If Americans were graded on our knowledge of personal finance, we might be looking at summer school, according to he National Foundation for Credit Counseling’s new annual financial literacy survey. “We cling tightly to some financial behaviors that are long ingrained,” says Gail Cunningham, spokesperson for NFCC. “We are great justifiers. We can see the financial facts but often choose to avoid them because if we face them head on it may force us into changing our behaviors.” Here are the biggest of those behaviors that get us stuck in the financial limbo:
Fewer than 4 in 10 have a budget. The survey finds that only 39% of respondents have a budget, the lowest number since the NFCC started asking the question in pre-recession 2007. We had a three-year stretch between 2010 and 2012 where that number ticked up to 43%, but as the economy improved, we’ve lost that ground.
“People tell me all the time, ‘I don’t want to make a budget because then I might know how much I have to spend and then I’d have to stop,’” Cunningham says. “That doesn’t make sense, so why not do something about it?”
A third of us revolve credit card debt. The NFCC survey finds that34% of people revolve balances from month to month and 15% roll over $2,500 or more every month. You might not realize it from the manageable minimum monthly payment you’re paying, but this is a habit that costs you big-time.
“Credit card average prime variable interest rate is 15.38%. At this rate, $2500 would cost the consumer about $370 in interest the first year,” assuming they are only making the minimum payment,” points out Thomas Nitzsche, spokesman and NFCC-certified credit counselor for ClearPoint Credit Counseling Solutions. Even if you stop using the card for purchases and adding to that balance, you’d pay about $1,500 just in finance charges over the course of five years.
A quarter don’t pay our bills on time. Not only does this get you hit with late fees, but it can jack up your credit card APRs — and the amount of interest you’re on the hook for — in a major way. “The average default rate is 27.88%,” Nitzsche says. “At this rate, $2500 would cost the consumer about $660 in interest the first year,” he says.
For the 24% of survey respondents who said they sometimes pay late, there’s another disadvantage: Late payments also turn up on your credit report and drag down your score, which means that even though interest rates on things like car loans and mortgages are at historic lows, you won’t get those great rates.

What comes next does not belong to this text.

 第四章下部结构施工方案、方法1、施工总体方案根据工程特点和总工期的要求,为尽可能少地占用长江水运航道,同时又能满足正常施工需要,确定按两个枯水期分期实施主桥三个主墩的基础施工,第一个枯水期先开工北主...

We have no savings. Roughly a third of survey respondents have nothing saved in an emergency fund. About the same number aren’t putting a dime towards retirement — even though not having enough money saved for a rainy day and for retirement were ranked at the top of Americans’ money concerns. “When you run into a financial emergency, it’s really no fun to have zero in savings. You’re living on a very slippery financial slope,” Cunningham says. “They think they’re financially bulletproof.”
People tend to think they don’t need to save because they have credit cards they can fall back on in an emergency, but that can mean getting trapped in that cycle of high-interest debt that saps so many people’s finances.

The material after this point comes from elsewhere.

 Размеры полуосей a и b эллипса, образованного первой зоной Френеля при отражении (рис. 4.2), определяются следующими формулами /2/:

And we’re spending more. When the NFCC first asked people how many of them were spending less, year-over-year, back in 2009, 57% said they were spending less. This year, that number has fallen to nearly half, with only 29% reporting lower spending. Spending isn’t bad, per se, Cunningham points out, but problems arise when we don’t cut our spending to meet longer-term goals like ditching credit card debt or building a nest egg.
“For our clients, the greatest benefit of cutting spending is that it helps break the cycle of high credit card debt,” Nitzsche says. “By eliminating spending on credit cards, on-time payments begin to reduce the balances rather than just keep them current.”